- _EXERCISE DETAILS_:
No picture belongs in the copy. Repeat each line below exactly.

- _SUPPLIED DATA_:

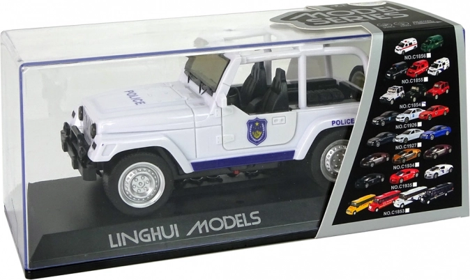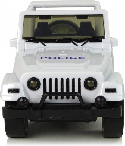 Postanite varuh zakona in se podajte v akcijo! Belo terensko policijsko vozilo je odlična izbira za otroke, ki obožujejo akcijo in pustolovščine. Kompaktne mere se lepo prilegajo otroški roki, medtem ko gumijaste pnevmatike in pull-back pogon poskrbijo za zabavno vožnjo na kratke razdalje. Avto ima odpirajoča se sprednja vrata, podrobno notranjost in modre policijske elemente z napisom POLICE.
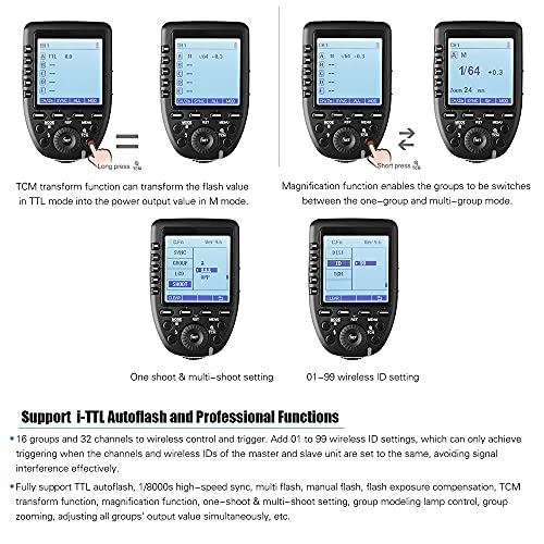 Supporta completamente il flash automatico TTL, sincronizzazione ad 1 / 8000s ad alta velocità, flash multiplo, flash manuale, compensazione dell'esposizione flash, funzione di trasformazione TCM, funzione di ingrandimento, impostazione one-shoot e multi-shoot, controllo della lampada di modellazione di gruppo, zoom di gruppo, regolazione di tutti i gruppi 'valore di uscita simultaneamente, ecc.
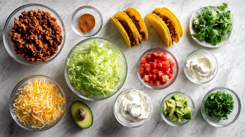 Simple, balanced ingredients make these tacos sing. Lean ground beef delivers rich, savory flavor; taco seasoning adds warmth and depth; shredded lettuce and diced tomatoes provide crisp, cooling contrast; cheese and sour cream bring creamy richness; avocado adds silky, buttery notes; cilantro brightens everything. Each element is small but essential to the composed flavor and visual appeal.
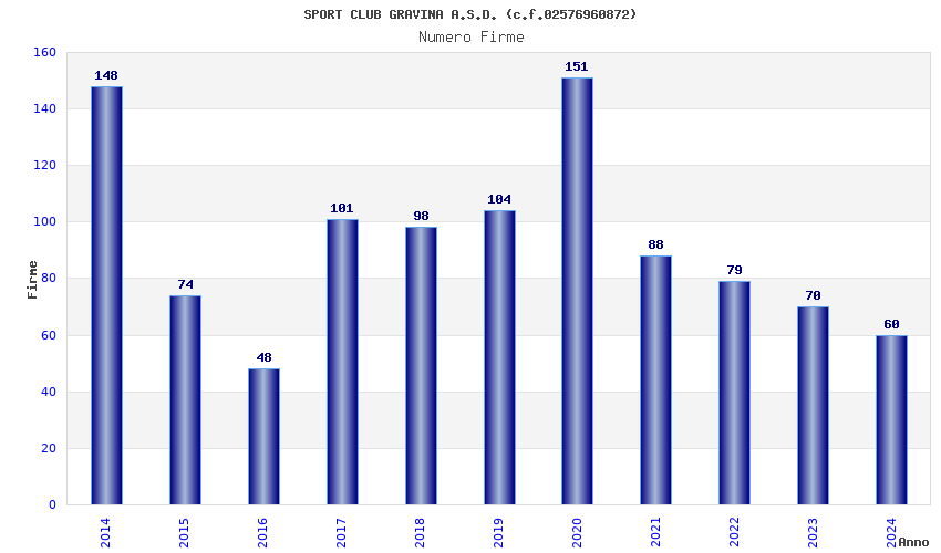 | 2020 | 151 | 5.676,97 | 37,60 | 9.988 | 539 | 104 | 3 |

- _RESPONSE TO THE EXERCISE_:
 Postanite varuh zakona in se podajte v akcijo! Belo terensko policijsko vozilo je odlična izbira za otroke, ki obožujejo akcijo in pustolovščine. Kompaktne mere se lepo prilegajo otroški roki, medtem ko gumijaste pnevmatike in pull-back pogon poskrbijo za zabavno vožnjo na kratke razdalje. Avto ima odpirajoča se sprednja vrata, podrobno notranjost in modre policijske elemente z napisom POLICE.
 Supporta completamente il flash automatico TTL, sincronizzazione ad 1 / 8000s ad alta velocità, flash multiplo, flash manuale, compensazione dell'esposizione flash, funzione di trasformazione TCM, funzione di ingrandimento, impostazione one-shoot e multi-shoot, controllo della lampada di modellazione di gruppo, zoom di gruppo, regolazione di tutti i gruppi 'valore di uscita simultaneamente, ecc.
 Simple, balanced ingredients make these tacos sing. Lean ground beef delivers rich, savory flavor; taco seasoning adds warmth and depth; shredded lettuce and diced tomatoes provide crisp, cooling contrast; cheese and sour cream bring creamy richness; avocado adds silky, buttery notes; cilantro brightens everything. Each element is small but essential to the composed flavor and visual appeal.
 | 2020 | 151 | 5.676,97 | 37,60 | 9.988 | 539 | 104 | 3 |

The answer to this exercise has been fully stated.